Poetry and Poetics
The cluster in poetry and poetics is composed by a heterogeneous group of faculty with a wide variety of interests and expertise. It comprises scholars of Renaissance drama and epic (Campana, Snow), eighteenth-, nineteenth-, and twentieth-century British and US literature (Morton, Regier, Wolfe), as well as creative writers who write poetry (Campana) and translators (Snow). Although these faculty members vary in their theoretical expertise and their approaches to literature and history, they all share a deep interest in the theoretical, practical, and historical study of poetic form and the poetics of meaning and language in other domains. How does poetic form evolve over time, what does it mean to study poetry (as opposed to, say, prose or instruction manuals). Can we develop a theory of poetry, or is the essence of poetry the kind of work that philosophy and theory cannot achieve on their own? These are just some of the many questions that the faculty in this cluster ask and develop, trying to understand poetry’s relevance for today’s literary studies, and how poetry serves as a particularly concentrated instance of the poetics that has long been considered central to literary and artistic meaning.
The courses taught by faculty in this cluster reflect the rich variety of textual and historical materials of poetry and poetics.

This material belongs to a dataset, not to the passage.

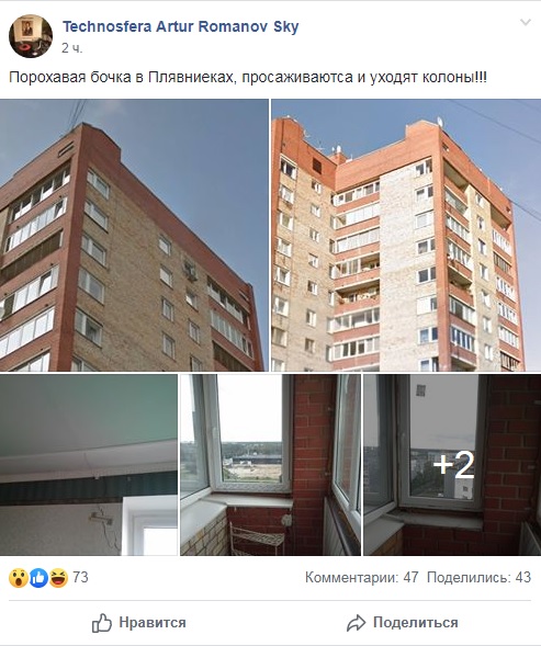 В социальной сети Facebook в группе “Плявниеки” появилось сообщение о трещинах в одном их многоэтажных домов. Пользователь пишет, что этот дом стал “пороховой бочкой”.

They allow students to appreciate why poetics is such a diverse discipline that deeply shapes our understanding of what is literary and why we bother studying it. Recent seminars in the area of poetry and poetics have focused on topics and issues such as Forms of Poetry, Advanced Poetry Writing, Wordsworth; Romantic Poetry and Critique; Blake; Medieval and Early Modern Romance; Literary Forms in the Renaissance; Emersonian Romanticism and Its Inheritors; Victorian Poetry and Material Form; Genealogies of American Romanticism: Emerson and Stevens. Faculty in the Poetry and Poetics cluster have editorial roles in journals and presses such as Diacritics, New Formations, Studies in English Literature, the Posthumanities series at the University of Minnesota Press, Environmental Humanities, Antennae: The Journal of Nature in Visual Culture, and others.